Get started building an enterprise marketing taxonomy
After you realize the importance of a unified marketing taxonomy and that your organization needs one, building it out can be daunting. Here are a couple of tips to get started:
Map it out
Our friends at Factor helped a mutual customer create a shared marketing taxonomy, and they started by plotting out the marketing systems. When you create your map, list the taxonomies that are being used by or managed in each marketing solution. A big part of this will be organizing key stakeholders in each line of business. Ask them about the information they’re managing for the business, and where they’re managing it. Grassroots participation will help later on when you start to implement the unified taxonomy. In the example above, the team created a central definition of core concepts like “Campaign” to standardized definitions across the enterprise.
Set a realistic timeline
Defining out the initial taxonomy depends on the complexity of your organization. A core definition of critical information assets can be created in 6-18 weeks. Note: a lot of information that you need has already been created by managers in different teams. Usually, this information will be stored in spreadsheets. Be efficient; a lot of mapping doesn’t have to be taxonomy creation as much as alignment. Dedication to taxonomy creation, and moving on to implementation, is a long-term project. In addition to the stakeholder interviews, see if your organization has a taxonomy or data management team already in place to support your efforts.
What Next?
Applying a unified taxonomy across a marketing ecosystem is the first key step to helping your organization create and optimize its data. Done consistently, this data will drive improved customer experience and social media, paid search and content marketing (any form of digital marketing really), create operational efficiencies and allow you to analyze how your business is performing with confidence.
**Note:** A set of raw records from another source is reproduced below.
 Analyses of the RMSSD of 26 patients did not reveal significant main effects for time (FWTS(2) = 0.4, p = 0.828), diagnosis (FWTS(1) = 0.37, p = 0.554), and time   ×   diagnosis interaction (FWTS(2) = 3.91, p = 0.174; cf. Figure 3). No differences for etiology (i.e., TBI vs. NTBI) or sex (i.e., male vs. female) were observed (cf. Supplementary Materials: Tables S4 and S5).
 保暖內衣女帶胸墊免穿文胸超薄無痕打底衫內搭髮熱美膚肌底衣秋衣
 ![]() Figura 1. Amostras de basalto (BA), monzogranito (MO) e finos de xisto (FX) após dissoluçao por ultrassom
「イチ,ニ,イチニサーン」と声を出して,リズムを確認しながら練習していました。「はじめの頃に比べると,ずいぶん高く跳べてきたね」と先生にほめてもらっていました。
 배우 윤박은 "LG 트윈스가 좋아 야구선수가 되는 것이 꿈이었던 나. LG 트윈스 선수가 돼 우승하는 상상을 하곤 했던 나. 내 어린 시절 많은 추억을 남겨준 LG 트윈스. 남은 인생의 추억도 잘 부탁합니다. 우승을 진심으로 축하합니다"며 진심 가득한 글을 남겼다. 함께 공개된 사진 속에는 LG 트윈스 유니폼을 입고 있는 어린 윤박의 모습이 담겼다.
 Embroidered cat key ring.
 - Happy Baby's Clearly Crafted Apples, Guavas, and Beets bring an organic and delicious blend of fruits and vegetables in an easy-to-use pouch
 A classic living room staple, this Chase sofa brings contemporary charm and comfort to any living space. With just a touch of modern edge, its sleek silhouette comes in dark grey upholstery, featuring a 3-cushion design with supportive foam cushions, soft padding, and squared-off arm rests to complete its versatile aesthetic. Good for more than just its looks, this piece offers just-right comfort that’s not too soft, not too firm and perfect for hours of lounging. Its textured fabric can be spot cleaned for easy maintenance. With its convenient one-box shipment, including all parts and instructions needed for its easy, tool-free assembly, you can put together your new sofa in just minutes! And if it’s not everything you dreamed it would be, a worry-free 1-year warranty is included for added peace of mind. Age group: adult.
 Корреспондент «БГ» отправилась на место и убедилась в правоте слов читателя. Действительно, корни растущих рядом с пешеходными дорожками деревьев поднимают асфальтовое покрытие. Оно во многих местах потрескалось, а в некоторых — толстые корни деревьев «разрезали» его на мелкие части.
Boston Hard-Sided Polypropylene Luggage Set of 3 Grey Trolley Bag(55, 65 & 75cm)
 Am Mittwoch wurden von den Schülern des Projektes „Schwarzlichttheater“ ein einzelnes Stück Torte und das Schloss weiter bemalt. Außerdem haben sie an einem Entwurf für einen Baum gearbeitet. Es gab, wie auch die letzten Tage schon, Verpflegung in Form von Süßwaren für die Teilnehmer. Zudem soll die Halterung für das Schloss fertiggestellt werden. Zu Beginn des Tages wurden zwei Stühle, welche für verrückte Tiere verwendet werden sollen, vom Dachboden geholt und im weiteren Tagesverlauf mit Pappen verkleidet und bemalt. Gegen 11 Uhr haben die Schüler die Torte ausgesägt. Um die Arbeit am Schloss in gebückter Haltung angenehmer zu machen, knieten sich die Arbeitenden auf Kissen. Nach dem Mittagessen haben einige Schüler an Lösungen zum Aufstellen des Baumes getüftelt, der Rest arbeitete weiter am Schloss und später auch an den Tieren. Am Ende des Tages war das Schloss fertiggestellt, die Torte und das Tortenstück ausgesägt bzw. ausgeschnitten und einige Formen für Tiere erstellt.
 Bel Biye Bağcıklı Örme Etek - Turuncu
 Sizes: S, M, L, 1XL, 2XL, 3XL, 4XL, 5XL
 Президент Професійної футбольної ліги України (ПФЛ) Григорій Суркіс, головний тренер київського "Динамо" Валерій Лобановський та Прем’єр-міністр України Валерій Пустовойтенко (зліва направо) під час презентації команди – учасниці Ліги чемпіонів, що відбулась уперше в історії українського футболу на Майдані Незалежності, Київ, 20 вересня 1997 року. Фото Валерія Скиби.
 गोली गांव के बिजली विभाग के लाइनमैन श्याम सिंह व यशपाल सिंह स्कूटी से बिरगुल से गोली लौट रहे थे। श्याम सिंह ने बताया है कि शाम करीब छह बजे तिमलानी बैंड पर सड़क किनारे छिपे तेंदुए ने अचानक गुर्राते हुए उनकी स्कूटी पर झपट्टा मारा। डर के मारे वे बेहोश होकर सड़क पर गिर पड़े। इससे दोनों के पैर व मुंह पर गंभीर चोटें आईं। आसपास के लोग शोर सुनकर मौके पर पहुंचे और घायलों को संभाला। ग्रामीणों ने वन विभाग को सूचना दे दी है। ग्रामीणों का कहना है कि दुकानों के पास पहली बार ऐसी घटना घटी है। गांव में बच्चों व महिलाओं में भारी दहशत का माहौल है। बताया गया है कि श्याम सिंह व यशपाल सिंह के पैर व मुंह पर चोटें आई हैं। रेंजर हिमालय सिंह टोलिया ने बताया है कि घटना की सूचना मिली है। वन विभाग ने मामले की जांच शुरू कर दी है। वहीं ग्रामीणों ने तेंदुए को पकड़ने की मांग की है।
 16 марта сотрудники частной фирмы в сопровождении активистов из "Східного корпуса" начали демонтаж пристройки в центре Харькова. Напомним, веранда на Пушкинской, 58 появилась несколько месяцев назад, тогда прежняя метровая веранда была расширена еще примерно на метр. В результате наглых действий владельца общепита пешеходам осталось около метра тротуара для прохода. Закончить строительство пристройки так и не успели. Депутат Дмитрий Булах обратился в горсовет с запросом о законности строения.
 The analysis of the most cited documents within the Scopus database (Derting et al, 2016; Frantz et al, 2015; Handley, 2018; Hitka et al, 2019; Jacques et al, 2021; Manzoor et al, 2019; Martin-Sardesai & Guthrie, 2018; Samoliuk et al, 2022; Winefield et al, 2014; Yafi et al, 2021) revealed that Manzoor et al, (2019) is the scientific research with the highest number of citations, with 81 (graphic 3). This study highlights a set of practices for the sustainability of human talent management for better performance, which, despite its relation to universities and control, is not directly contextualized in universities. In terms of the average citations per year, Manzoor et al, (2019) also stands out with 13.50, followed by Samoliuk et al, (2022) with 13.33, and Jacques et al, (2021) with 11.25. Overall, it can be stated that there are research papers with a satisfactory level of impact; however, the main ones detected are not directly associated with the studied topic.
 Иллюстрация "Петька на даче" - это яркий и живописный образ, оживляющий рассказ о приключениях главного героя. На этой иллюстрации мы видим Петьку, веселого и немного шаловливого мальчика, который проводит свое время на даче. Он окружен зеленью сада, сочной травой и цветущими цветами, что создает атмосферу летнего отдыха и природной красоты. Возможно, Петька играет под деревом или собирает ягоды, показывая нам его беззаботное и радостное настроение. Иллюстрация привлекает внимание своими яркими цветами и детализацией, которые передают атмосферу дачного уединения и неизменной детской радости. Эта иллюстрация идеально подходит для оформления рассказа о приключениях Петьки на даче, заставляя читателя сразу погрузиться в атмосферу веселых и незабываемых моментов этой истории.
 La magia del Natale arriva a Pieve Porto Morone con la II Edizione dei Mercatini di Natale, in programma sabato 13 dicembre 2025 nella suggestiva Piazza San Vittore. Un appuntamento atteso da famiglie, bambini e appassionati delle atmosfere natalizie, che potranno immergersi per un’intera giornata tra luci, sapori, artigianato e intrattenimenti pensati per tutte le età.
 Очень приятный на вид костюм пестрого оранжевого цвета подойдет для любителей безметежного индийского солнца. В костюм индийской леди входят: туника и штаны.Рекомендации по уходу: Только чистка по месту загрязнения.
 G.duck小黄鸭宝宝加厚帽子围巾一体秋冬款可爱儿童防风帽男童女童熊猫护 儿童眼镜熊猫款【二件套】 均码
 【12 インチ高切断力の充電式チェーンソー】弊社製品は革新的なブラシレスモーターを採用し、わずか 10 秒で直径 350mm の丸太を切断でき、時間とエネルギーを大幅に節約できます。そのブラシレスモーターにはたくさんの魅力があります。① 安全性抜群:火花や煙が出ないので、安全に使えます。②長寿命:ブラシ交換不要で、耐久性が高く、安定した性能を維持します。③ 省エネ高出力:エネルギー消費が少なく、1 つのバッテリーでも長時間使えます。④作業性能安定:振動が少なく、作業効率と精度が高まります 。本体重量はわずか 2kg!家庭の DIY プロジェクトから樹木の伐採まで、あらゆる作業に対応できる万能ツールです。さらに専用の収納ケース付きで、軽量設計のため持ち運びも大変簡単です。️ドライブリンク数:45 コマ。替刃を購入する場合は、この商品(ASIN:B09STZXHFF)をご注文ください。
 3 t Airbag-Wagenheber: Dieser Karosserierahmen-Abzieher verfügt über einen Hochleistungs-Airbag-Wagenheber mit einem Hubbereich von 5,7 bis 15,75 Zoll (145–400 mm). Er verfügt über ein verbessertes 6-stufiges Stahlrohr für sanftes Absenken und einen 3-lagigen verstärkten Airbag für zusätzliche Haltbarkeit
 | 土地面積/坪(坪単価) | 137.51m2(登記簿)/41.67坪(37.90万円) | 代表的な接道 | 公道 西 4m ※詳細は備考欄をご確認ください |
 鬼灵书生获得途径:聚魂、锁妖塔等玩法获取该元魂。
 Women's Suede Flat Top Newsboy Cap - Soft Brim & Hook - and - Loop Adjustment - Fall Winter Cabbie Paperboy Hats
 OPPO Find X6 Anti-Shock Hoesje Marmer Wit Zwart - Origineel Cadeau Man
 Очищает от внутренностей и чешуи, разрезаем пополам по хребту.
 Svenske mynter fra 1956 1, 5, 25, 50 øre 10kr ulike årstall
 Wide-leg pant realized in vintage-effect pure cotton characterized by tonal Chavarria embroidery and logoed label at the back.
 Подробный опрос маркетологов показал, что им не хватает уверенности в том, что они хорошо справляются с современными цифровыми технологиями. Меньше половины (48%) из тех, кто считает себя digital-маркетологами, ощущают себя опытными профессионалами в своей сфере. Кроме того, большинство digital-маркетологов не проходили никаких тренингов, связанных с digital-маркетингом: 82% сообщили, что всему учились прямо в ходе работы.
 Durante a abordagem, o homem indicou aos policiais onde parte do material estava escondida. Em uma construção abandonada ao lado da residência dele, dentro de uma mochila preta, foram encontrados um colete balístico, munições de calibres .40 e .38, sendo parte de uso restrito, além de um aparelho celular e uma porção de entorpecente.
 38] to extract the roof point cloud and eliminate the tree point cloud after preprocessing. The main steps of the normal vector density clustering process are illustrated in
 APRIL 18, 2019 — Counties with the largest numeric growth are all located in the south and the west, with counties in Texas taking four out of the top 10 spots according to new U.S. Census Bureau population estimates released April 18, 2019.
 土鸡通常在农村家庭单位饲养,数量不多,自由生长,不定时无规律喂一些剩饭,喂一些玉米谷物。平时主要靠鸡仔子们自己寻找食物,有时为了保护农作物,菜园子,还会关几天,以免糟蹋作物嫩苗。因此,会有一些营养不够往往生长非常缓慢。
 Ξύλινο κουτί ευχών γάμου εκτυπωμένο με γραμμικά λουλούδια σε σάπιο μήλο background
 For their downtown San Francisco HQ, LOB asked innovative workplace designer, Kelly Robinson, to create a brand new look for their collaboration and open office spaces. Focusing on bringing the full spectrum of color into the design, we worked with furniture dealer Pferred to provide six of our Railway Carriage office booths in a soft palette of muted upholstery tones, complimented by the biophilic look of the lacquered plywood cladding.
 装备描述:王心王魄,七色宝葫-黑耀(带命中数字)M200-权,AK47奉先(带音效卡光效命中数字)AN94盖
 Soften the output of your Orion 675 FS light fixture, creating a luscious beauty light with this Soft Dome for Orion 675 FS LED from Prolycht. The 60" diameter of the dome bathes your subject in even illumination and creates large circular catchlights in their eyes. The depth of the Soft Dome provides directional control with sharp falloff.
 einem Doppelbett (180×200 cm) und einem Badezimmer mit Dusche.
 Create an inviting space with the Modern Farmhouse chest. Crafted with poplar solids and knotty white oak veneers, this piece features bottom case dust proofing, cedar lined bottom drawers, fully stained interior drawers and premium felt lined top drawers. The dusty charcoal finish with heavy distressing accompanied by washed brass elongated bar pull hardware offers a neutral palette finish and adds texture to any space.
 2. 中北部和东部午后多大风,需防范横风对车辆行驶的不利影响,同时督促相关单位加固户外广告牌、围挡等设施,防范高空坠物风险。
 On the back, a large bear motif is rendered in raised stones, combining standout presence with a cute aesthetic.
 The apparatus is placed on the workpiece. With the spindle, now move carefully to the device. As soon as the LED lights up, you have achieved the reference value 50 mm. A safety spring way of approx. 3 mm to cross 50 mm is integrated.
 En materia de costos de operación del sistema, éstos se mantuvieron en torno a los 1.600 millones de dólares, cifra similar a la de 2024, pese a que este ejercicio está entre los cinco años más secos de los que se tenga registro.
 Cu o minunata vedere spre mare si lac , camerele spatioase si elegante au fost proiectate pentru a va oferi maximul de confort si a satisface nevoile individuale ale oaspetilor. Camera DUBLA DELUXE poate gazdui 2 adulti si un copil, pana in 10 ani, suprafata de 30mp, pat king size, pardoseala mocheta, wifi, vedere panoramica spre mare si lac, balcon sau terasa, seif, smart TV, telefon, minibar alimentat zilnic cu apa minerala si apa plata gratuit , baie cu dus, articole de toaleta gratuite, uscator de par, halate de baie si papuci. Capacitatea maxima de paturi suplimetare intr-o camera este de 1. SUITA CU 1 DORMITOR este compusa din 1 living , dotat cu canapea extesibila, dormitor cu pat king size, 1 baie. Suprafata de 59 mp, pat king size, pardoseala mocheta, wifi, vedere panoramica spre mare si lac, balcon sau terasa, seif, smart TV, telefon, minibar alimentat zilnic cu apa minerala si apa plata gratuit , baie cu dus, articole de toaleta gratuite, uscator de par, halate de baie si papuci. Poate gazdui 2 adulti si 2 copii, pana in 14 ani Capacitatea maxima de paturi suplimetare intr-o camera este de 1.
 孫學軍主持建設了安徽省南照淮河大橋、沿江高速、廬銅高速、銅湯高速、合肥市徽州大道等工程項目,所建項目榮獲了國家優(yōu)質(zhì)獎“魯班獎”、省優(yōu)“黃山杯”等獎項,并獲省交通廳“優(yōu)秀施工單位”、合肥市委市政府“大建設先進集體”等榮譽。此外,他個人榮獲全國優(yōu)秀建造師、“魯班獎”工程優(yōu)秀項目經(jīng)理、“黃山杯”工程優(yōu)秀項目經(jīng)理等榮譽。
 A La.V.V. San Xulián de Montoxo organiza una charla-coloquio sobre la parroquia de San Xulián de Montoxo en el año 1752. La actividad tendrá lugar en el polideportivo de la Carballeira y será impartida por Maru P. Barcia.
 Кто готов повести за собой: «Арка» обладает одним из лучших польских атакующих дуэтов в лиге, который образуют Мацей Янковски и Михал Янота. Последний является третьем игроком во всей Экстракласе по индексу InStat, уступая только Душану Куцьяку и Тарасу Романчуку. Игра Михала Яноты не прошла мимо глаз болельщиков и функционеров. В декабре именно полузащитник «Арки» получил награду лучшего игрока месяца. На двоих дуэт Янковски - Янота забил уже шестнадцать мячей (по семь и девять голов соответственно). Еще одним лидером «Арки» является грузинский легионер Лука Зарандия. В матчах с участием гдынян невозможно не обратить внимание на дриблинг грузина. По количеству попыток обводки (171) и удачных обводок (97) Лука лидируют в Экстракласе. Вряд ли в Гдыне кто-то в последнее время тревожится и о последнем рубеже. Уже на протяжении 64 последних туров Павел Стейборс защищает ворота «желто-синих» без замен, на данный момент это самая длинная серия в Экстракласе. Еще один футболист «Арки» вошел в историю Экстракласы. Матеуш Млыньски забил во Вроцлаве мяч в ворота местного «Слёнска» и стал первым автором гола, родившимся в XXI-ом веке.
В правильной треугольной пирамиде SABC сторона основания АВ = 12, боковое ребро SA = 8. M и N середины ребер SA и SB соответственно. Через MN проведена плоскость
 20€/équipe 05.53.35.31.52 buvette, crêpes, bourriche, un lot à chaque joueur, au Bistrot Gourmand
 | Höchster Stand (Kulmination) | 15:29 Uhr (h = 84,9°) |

While taxonomy specialists and data science teams may create a unified taxonomy, and teams from each line of your business may try their best to adhere to it, ensuring that everything is defined and validated correctly is extremely difficult. This is especially true for many enterprise companies where hundreds of people contribute to and create campaigns to promote content.
As you create your unified taxonomy, make sure you ask yourself this next essential question: how will I make this taxonomy accessible to business users and drive the data quality you’re hoping to achieve?